We would like to remind you that our column is based solely on our experiences as educators (more than 50 years combined). We received several emails from both advocates for and against team-taught classrooms. It’s interesting that all our responses came from teachers.

A few responses we received were from special education teachers who felt we “missed the mark.” They are involved in co-taught classes and mentioned classroom management, administrative assistance and parental support as the way to handle discipline problems.

After rereading the original question from the mother, we saw no mention of discipline issues. We understood “disruptions” as anything going on in the classroom that would cause a problem with her daughter’s concentration. This could have been anything.

These teachers felt having special education students in regular classroom settings offered a positive experience for special needs students as well as regular education students. There were several mentions of the co-teaching paradigm, if appropriately practiced, being beneficial to all involved.

The replies we received from those in agreement with us must be teachers from schools where “appropriate practices” are not being followed.
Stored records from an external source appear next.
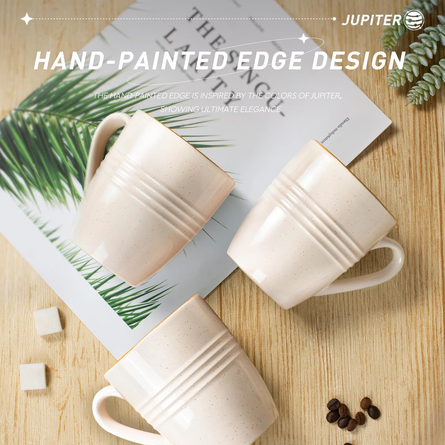 - 【Attractive Design】Our coffee cup was elaborated by artisans. Its speckles and hand-painted edge are great distinctive. The design of ring is inspired by Europa's orbit around Jupiter.
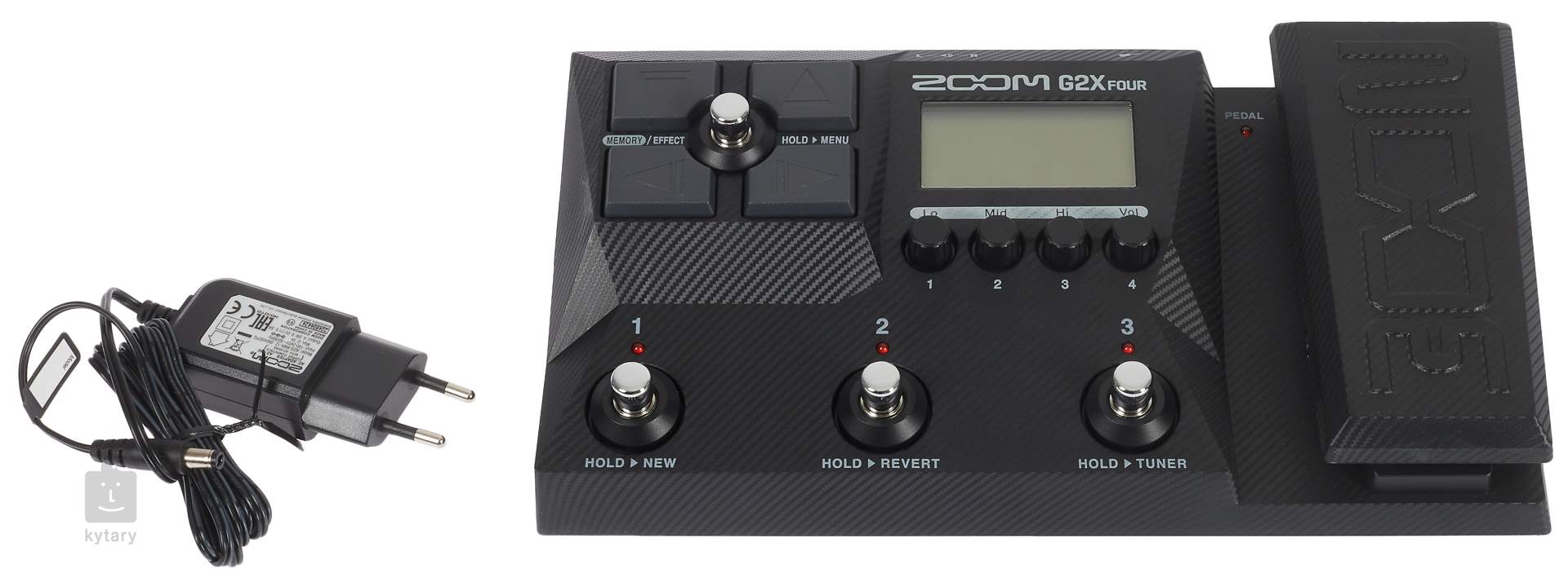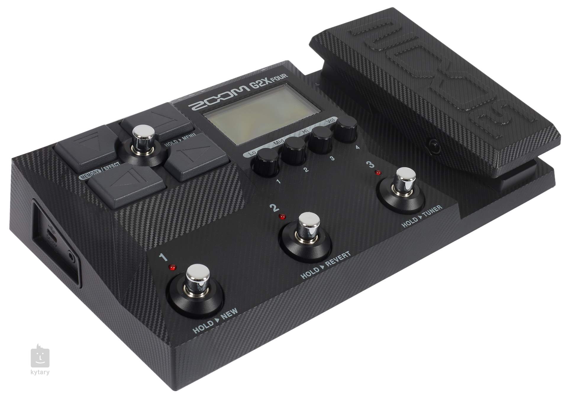 Die zweite Generation des Zoom G2X Four Gitarren-Multieffekts bietet mehr als 100 Effekte und Instrumentensimulationen (22 Instrumenten-/Lautsprechersimulationen, 79 Effekte) in einem kompakten Format, in dem bis zu 7 Effekte gleichzeitig verwendet werden können, 250 vorgespeicherte Presets (insgesamt 300 Speicherplätze), einen Looper mit 80 Sekunden Aufnahmezeit, 68 großartig klingende Drum-Patterns, die mit dem Looper synchronisiert werden können, ein Expression-Pedal zur Echtzeit-Steuerung von Lautstärke, Tonhöhe und Wah-Effekten, eine Aux-In-Buchse zur Wiedergabe externer Audiosignale, ein eingebautes Stimmgerät und die Möglichkeit, zusätzliche Effekte und Patches aus der Handy Guitar Lab Software/Bibliothek über USB aufzunehmen, zu bearbeiten und zu speichern.
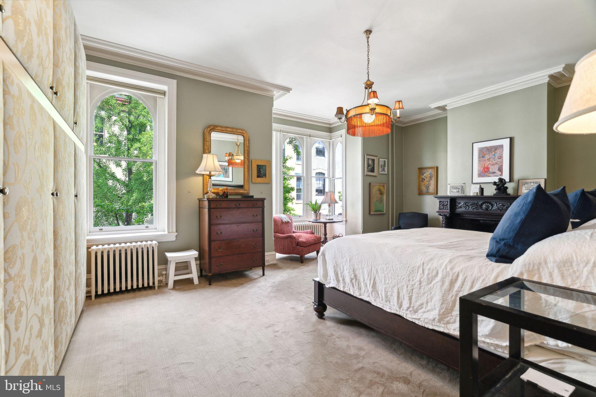 Magnificent high-Victorian Rittenhouse Manse with expansive 25’ frontage, 4 stories plus walk out lower level to a lush rear garden. This Venetian Gothic townhouse features a marble & limestone facade with arching windows and oriel bay overlooking St James street, one of the neighborhood's iconic blocks, lined with immaculately preserved homes by Furness & other notable 19th c. architects. A previous rooming house until the current owners totally restored it to single family use with noted architect & former AIA President, Susan Maxman. 10 bedrooms, 4 1/2 baths, 6 fireplaces, and over 5000 sf of living space this gracious home accommodates family & guests alike plus offers many additional uses; home office, painting studio, sitting room etc. 11’ high ceilings throughout are crowned by original plaster mouldings and architectonic details abound from intricately carved mantles to a central wraparound staircase surmounted with skylight, illuminating the center of the home. Enter the home through double doors flanking a walnut paneled vestibule, a weather break from the elements. The main level offers formal living room with decorative, carved marble fireplace, white oak herringbone floors and gallery lighting to highlight your art collection. The dining room connects from both the main hall or through a passage under the stair and is the ideal space for sumptuous dinner parties or intimate family gatherings. High ceilings, an original carved wood fireplace mantle and a deep bay window overlook the garden. The home’s "NY Loft" kitchen is a study in modern style and restraint, part of a second renovation by architect Spence Kass. Warm rift-cut mahogany cabinetry contrasts with cool gray quartz counters and frosted glass backsplash. Sleek, stainless Sub-zero and Miele appliances complete the state of the art chef’s kitchen. At the end of the main level an intimate breakfast room with original leaded glass window hovers over the garden, and a set of steps leads down to the back yard sanctuary. Ascend the central wraparound staircase to the primary bedroom level where a 25’ wide room accommodates any size bed, built-in closets, a sitting area in the oriel and a statement-making, turned and carved, decorative wood mantel. Walk-through closets join the bedroom to a private sitting room which connects to the spa-like primary bath, making this floor your private suite of rooms. The bathroom offers separate soaking tub & shower, water closet and pedestal sink. The 3rd floor has a group of 4 bedrooms and 2 baths, both rendered in original porcelain subway tiles, one features a vintage soaking tub. Two of the bedrooms serve alternative purposes, one, a sitting room and the other has been transformed into a deluxe laundry space. The home’s top floor has 4 more bedrooms and newly renovated hall bath with glass enclosed shower. The largest of the bedrooms is used as a home office, tucked into the south facing bay window. A mixture of original red pine and golden oak hardwoods cover the home’s upper floors. The lower level, originally the home’s kitchen, has direct access to both the rear garden & the street in front under the stairs (perfect for bringing bikes in from outside). Currently used as an artist’s studio, this level also makes an excellent den, playroom or workout space. Located in the award-winning Greenfield School catchment and equidistant to Rittenhouse & Fitler Squares and the miles-long Schuylkill Banks river trail, this home rests in the middle of a low-traffic, tree-lined street. Sellers will pay for a year’s parking at a nearby garage, steps from the house. Near incredible shopping on Walnut & Chestnut Streets and some of the city’s best restaurants, Vernick, Parc, Wilder and so many more. With easy access to 30th St station, Penn, Drexel, CHOP, HUP and the downtown business core - this outstanding home offers everything that makes urban living so incredible. See this stunning home today!

Comments from these emails followed the line of teaching responsibilities not being equitable and the regular classroom teacher being responsible for helping all students, for which they felt they were not adequately trained or paid the stipend that those with special education training receive.

In these comments, there were several mentions of large class sizes.

The most prolific statement out off all we received was made by a very experienced regular classroom teacher who asked us two questions worth pondering: Why has the definition for “least restrictive environment” recently come to mean a large-sized classroom with two teachers, and isn’t it more humiliating for a special education student to be taken out of said classroom for testing purposes?